Your assignment:
Every record should be copied exactly, and the images omitted.

-------------------------

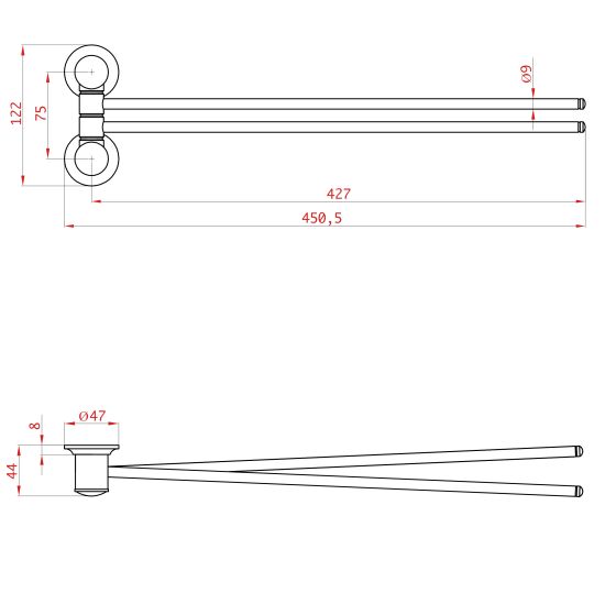 Nowoczesny wieszak na ręczniki, odporny na korozję dzięki specjalnym powłokom galwanicznym.
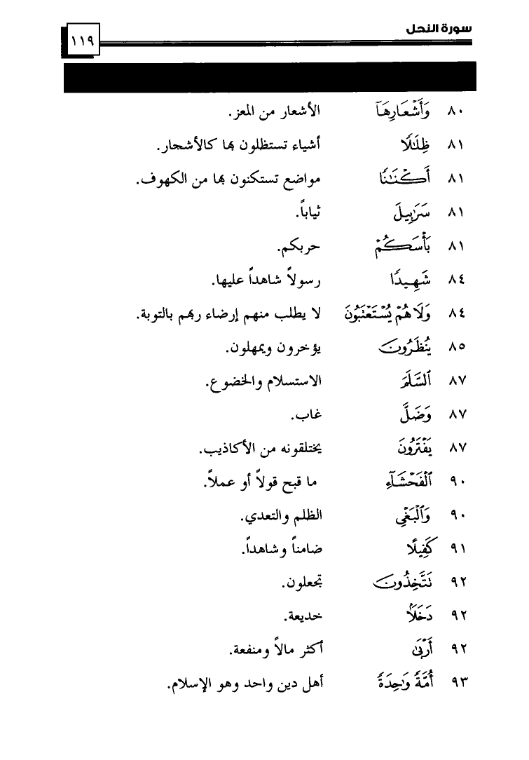 (92) ... {أَنكَاثًا} ... أَنْقَاضًا بَعْدَ فَتْلِهَا.
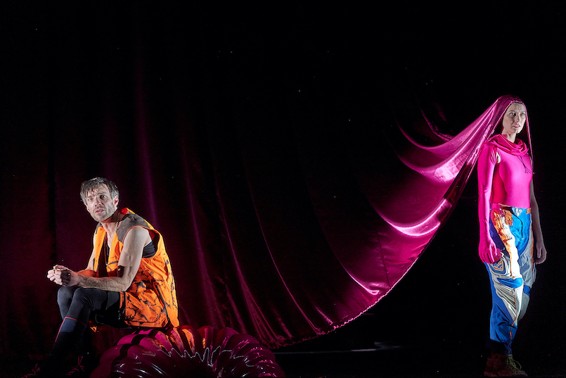 Stefan Hageneier ist mit seinem Bühnenbild dem berühmtesten Monolog des Stücks gefolgt: "Die ganze Welt ist Bühne" – daher ist sie überall gleich, sei es am Hof des Herzogs oder hinter den sieben Bergen in der Welt der Schäfer. Es gibt keine Natur, alles ist und bleibt streng künstlich: eine Manege, über der rosa Neonringe schweben, von denen Vorhänge herunterhängen, alles pinkmetallic; an der Hinterfront ein rosa Neonrahmen. Als sich der Vorhang zum ersten Mal im Ardenner Wald öffnet, steht da ein riesiges rosa Hochglanzeinhorn im Stil Jeff Koons'.
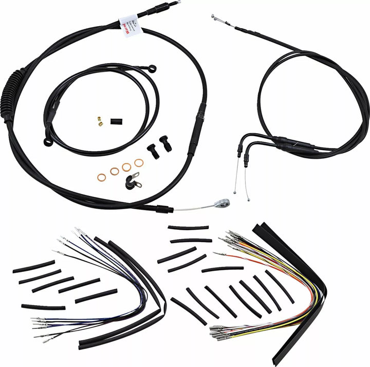 Komplet installationssæt til burly abe-bøjler, sæt inkluderer udvidet bremselinie (medmindre det er angivet), udvidet koblingskabel/koblingslinje, udvidet gashåndtering/tomgang kabler som krævet og alle nødvendige ledninger, bremsens indre linjer, whhen inkluderet, felemudd, ydre fletning, dressur kits genanvendelse af lager throttle-by-wire-haven, kit er baseret på at bruge 2 "Risers med APE HRE HANGER-TYSE HADEBARS.
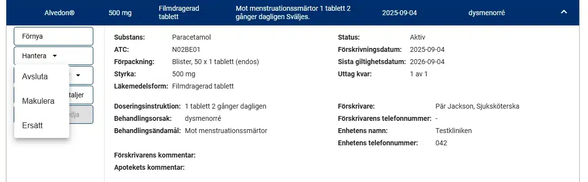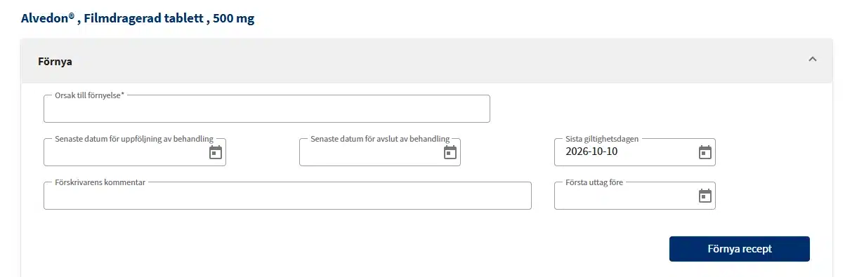 Det är möjligt att sätta Sista doseringsdag till dagens datum vilket innebär att patienten inte ska använda sitt läkemedel enligt denna förskrivning men en ny förskrivning kan skickas.
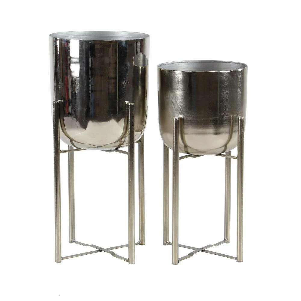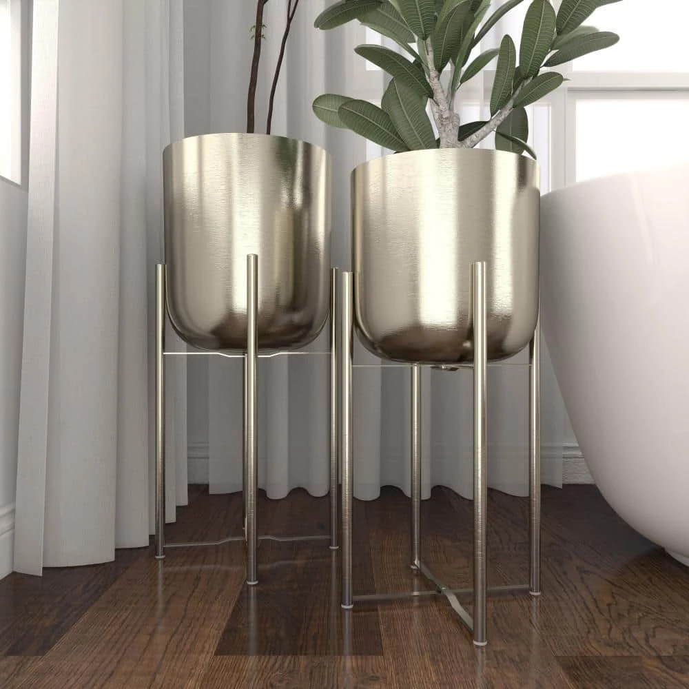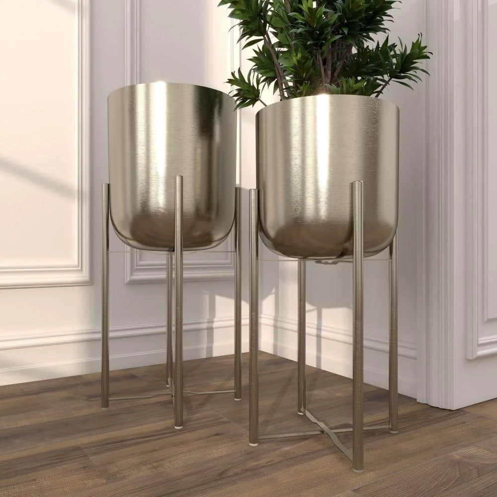 These stylish planters with stands are safe in any weather, so you can display botanicals on the porch, patio, or greenhouse garden. However, they are best appreciated indoors, in empty room corners. This item ships in 1 carton. Suitable for indoor and outdoor use. Made in India. Planters do not have drainage holes but they are not watertight. Each set comes with 2 floor planters with stands. Glam style.
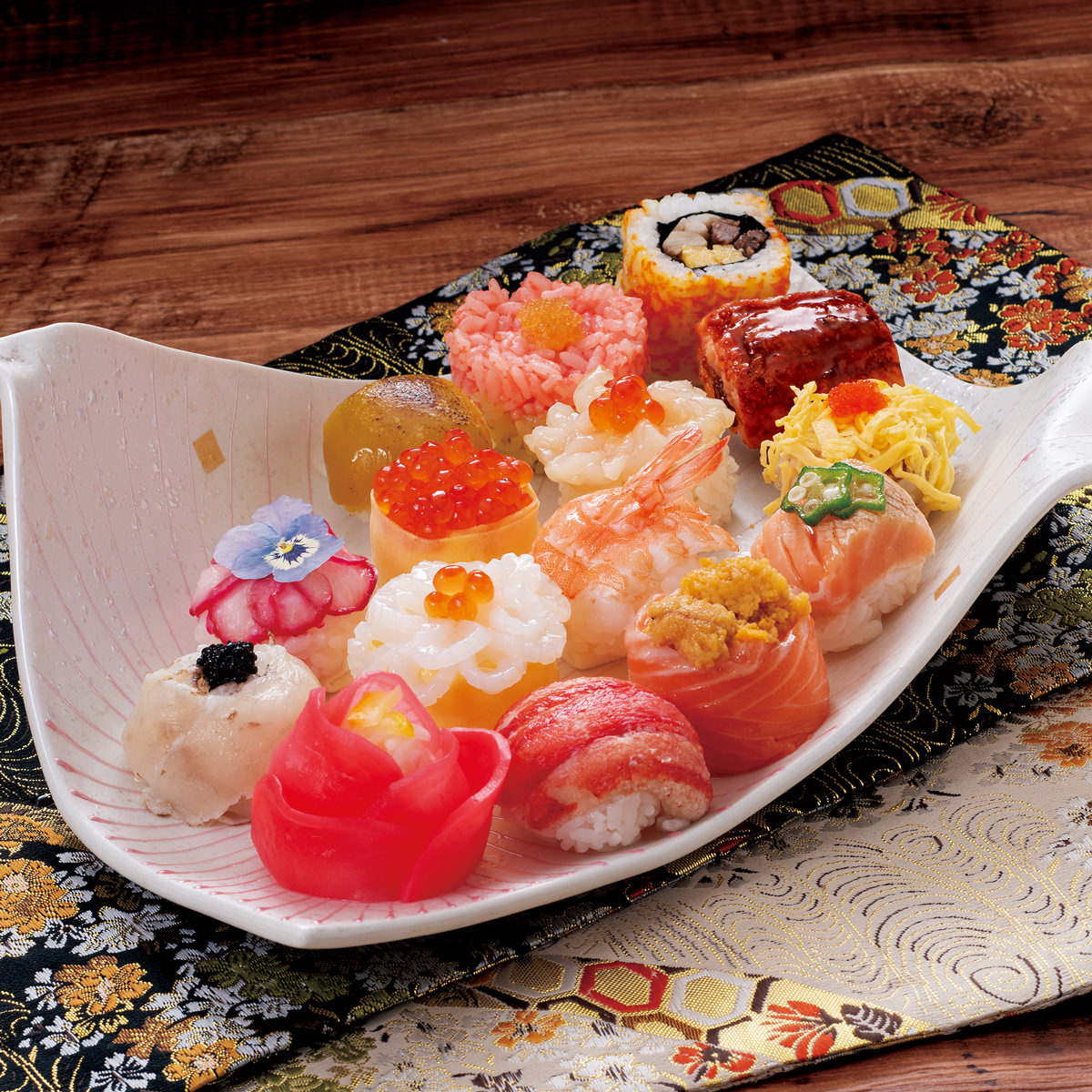 【数量・内容】15個(蕪花手毬、明太高菜手毬、スイートポテト手毬、フグ手毬、うなぎ手毬、ラディッシュ華てまり、いくら錦糸巻、イカ菊花手毬、帆立菊花手毬、海老手毬、生うにトロサーモン巻、本ずわい手毬、穴子たまご手毬、プルコギロール、トロはらすサーモン手毬)
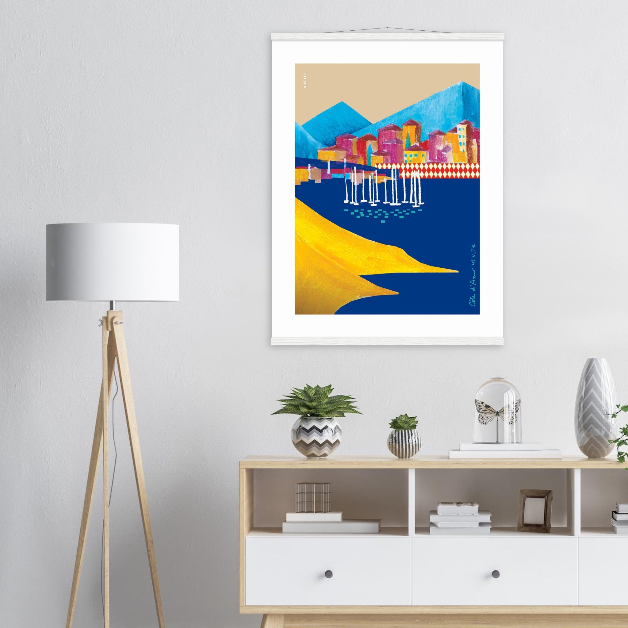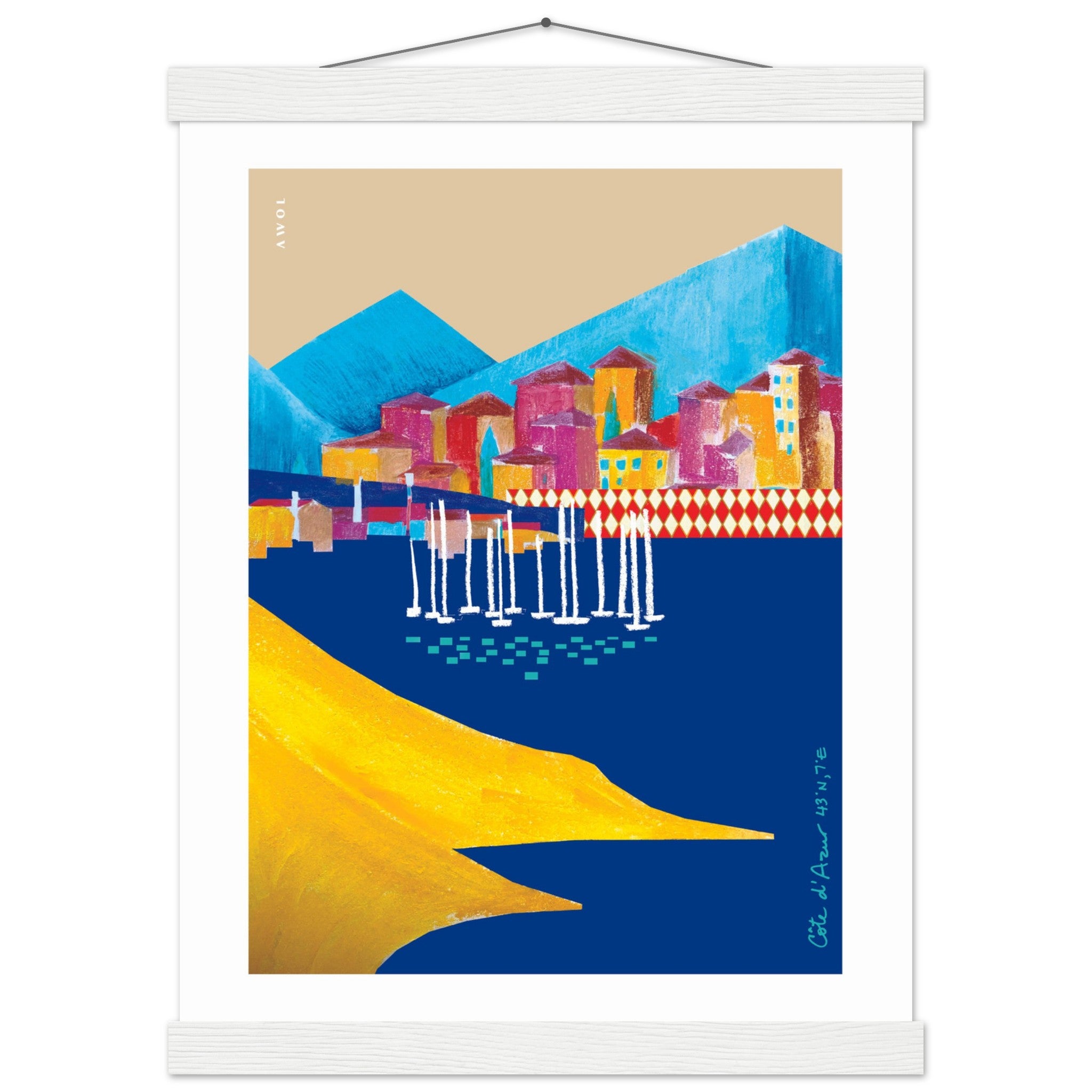 This colourful poster print is ready to hang. It is an artwork celebrating the beautiful French Riviera destination with its magnificent landscapes and unparalleled views : the small towns and fishing villages along the Mediterranean sea coastlines from St. Tropez, Antibes, Nice, Villefranche sur Mer, Beaulieu to Monaco and Menton are painted in bright colours of red, pink, and orange, while bright yellow and blue hues bring contrast and a vibrant colour pop to this hanging wall poster. Houses and villas are perched on rolling hills and tall cliffs overlooking small fishing ports, beaches and scenic bays filled with white sailboats. In this travel print, the French Alps serve as the backdrop of this mountain landscape, while in the foreground sailing boats dance on azure blue water. The sunshine bathes over this summer landscape, adding a touch of wanderlust, travel and eternal vacation mood to this wall art. Whether you yearn for the warmth of the Mediterranean or seek to bring a burst of colourful art work to your home decor, this wall painting is a visual escape. Let the beauty of the South of France brighten your surroundings, adding a colourful art print with year round Côte d’Azur aesthetic to your home decor.
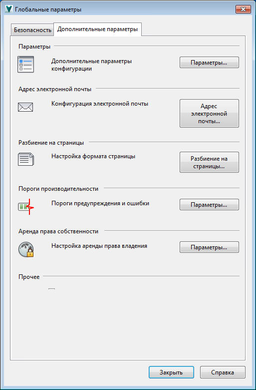 Доступ к дополнительным параметрам
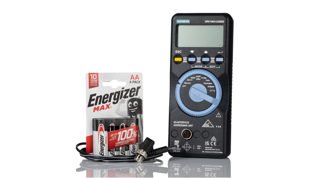 Adattatore AS-I Siemens per moduli slave AS-i, alimentato a batteria, grado di protezione IP50, dimensioni 195 x 84 x 35 mm, temperatura d'esercizio 0-55 gradi Celsius, umidità relativa fino al 75%, compatibile con moduli slave AS-i, ruota di regolazione ergonomica, schermo digitale per visualizzazione informazioni, autonomia fino a 2500 comandi, spegnimento automatico dopo un minuto di inattività. Codice costruttore 3RK1904-2AB02.

-------------------------

Solution to the problem:
 Nowoczesny wieszak na ręczniki, odporny na korozję dzięki specjalnym powłokom galwanicznym.
 (92) ... {أَنكَاثًا} ... أَنْقَاضًا بَعْدَ فَتْلِهَا.
 Stefan Hageneier ist mit seinem Bühnenbild dem berühmtesten Monolog des Stücks gefolgt: "Die ganze Welt ist Bühne" – daher ist sie überall gleich, sei es am Hof des Herzogs oder hinter den sieben Bergen in der Welt der Schäfer. Es gibt keine Natur, alles ist und bleibt streng künstlich: eine Manege, über der rosa Neonringe schweben, von denen Vorhänge herunterhängen, alles pinkmetallic; an der Hinterfront ein rosa Neonrahmen. Als sich der Vorhang zum ersten Mal im Ardenner Wald öffnet, steht da ein riesiges rosa Hochglanzeinhorn im Stil Jeff Koons'.
 Komplet installationssæt til burly abe-bøjler, sæt inkluderer udvidet bremselinie (medmindre det er angivet), udvidet koblingskabel/koblingslinje, udvidet gashåndtering/tomgang kabler som krævet og alle nødvendige ledninger, bremsens indre linjer, whhen inkluderet, felemudd, ydre fletning, dressur kits genanvendelse af lager throttle-by-wire-haven, kit er baseret på at bruge 2 "Risers med APE HRE HANGER-TYSE HADEBARS.
 Det är möjligt att sätta Sista doseringsdag till dagens datum vilket innebär att patienten inte ska använda sitt läkemedel enligt denna förskrivning men en ny förskrivning kan skickas.
 These stylish planters with stands are safe in any weather, so you can display botanicals on the porch, patio, or greenhouse garden. However, they are best appreciated indoors, in empty room corners. This item ships in 1 carton. Suitable for indoor and outdoor use. Made in India. Planters do not have drainage holes but they are not watertight. Each set comes with 2 floor planters with stands. Glam style.
 【数量・内容】15個(蕪花手毬、明太高菜手毬、スイートポテト手毬、フグ手毬、うなぎ手毬、ラディッシュ華てまり、いくら錦糸巻、イカ菊花手毬、帆立菊花手毬、海老手毬、生うにトロサーモン巻、本ずわい手毬、穴子たまご手毬、プルコギロール、トロはらすサーモン手毬)
 This colourful poster print is ready to hang. It is an artwork celebrating the beautiful French Riviera destination with its magnificent landscapes and unparalleled views : the small towns and fishing villages along the Mediterranean sea coastlines from St. Tropez, Antibes, Nice, Villefranche sur Mer, Beaulieu to Monaco and Menton are painted in bright colours of red, pink, and orange, while bright yellow and blue hues bring contrast and a vibrant colour pop to this hanging wall poster. Houses and villas are perched on rolling hills and tall cliffs overlooking small fishing ports, beaches and scenic bays filled with white sailboats. In this travel print, the French Alps serve as the backdrop of this mountain landscape, while in the foreground sailing boats dance on azure blue water. The sunshine bathes over this summer landscape, adding a touch of wanderlust, travel and eternal vacation mood to this wall art. Whether you yearn for the warmth of the Mediterranean or seek to bring a burst of colourful art work to your home decor, this wall painting is a visual escape. Let the beauty of the South of France brighten your surroundings, adding a colourful art print with year round Côte d’Azur aesthetic to your home decor.
 Доступ к дополнительным параметрам
 Adattatore AS-I Siemens per moduli slave AS-i, alimentato a batteria, grado di protezione IP50, dimensioni 195 x 84 x 35 mm, temperatura d'esercizio 0-55 gradi Celsius, umidità relativa fino al 75%, compatibile con moduli slave AS-i, ruota di regolazione ergonomica, schermo digitale per visualizzazione informazioni, autonomia fino a 2500 comandi, spegnimento automatico dopo un minuto di inattività. Codice costruttore 3RK1904-2AB02.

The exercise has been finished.